▶ THE PROBLEM
Beginning with the line that holds "4月18日晚19:00,一本" in the data below, give again every line through the one that holds "因素才 🐠 能对一个人的命运进行准确预测", exactly as written.

▶ SUPPLIED RECORDS

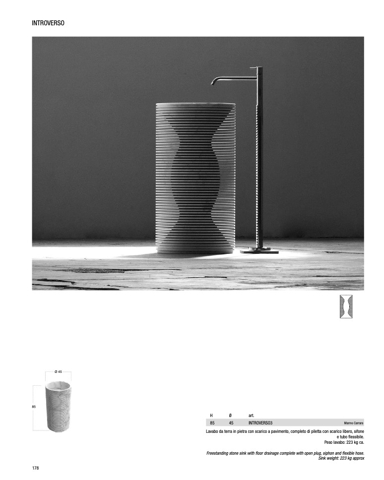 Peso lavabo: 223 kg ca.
...
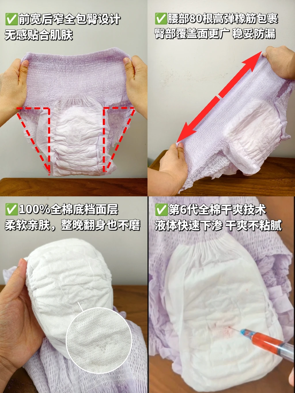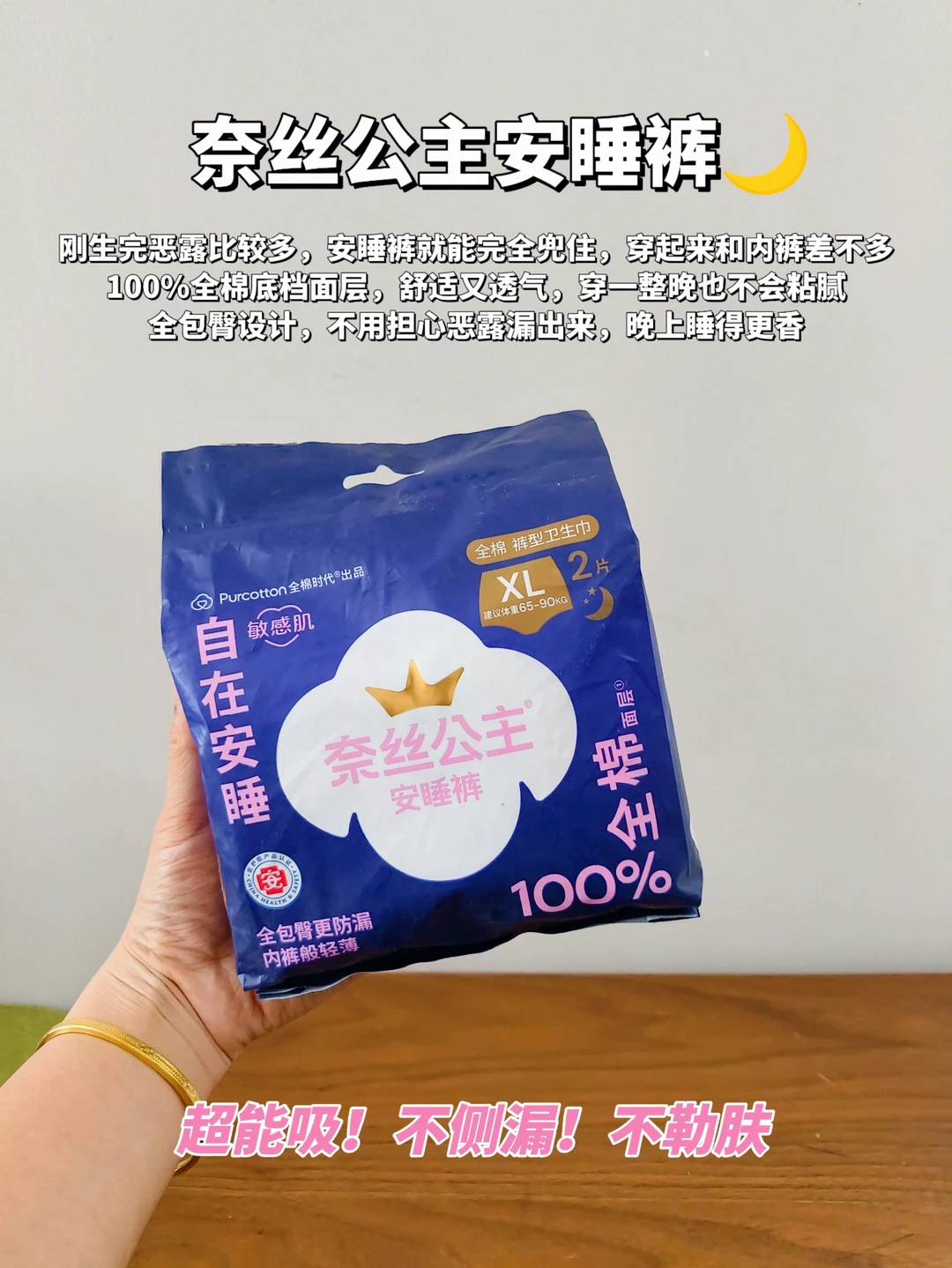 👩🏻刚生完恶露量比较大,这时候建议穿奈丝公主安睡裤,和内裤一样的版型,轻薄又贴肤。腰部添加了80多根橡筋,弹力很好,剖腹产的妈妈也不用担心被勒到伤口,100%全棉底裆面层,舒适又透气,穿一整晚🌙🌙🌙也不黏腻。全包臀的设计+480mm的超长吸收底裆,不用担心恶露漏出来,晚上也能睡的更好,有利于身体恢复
* * *
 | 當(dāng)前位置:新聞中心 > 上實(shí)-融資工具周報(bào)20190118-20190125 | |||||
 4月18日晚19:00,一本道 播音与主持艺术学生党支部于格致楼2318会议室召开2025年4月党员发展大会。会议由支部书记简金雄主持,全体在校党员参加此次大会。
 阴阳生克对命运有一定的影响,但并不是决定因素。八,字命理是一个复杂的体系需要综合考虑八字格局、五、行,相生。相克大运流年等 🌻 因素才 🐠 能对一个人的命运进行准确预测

▶ EXPECTED ANSWER
 4月18日晚19:00,一本道 播音与主持艺术学生党支部于格致楼2318会议室召开2025年4月党员发展大会。会议由支部书记简金雄主持,全体在校党员参加此次大会。
 阴阳生克对命运有一定的影响,但并不是决定因素。八,字命理是一个复杂的体系需要综合考虑八字格局、五、行,相生。相克大运流年等 🌻 因素才 🐠 能对一个人的命运进行准确预测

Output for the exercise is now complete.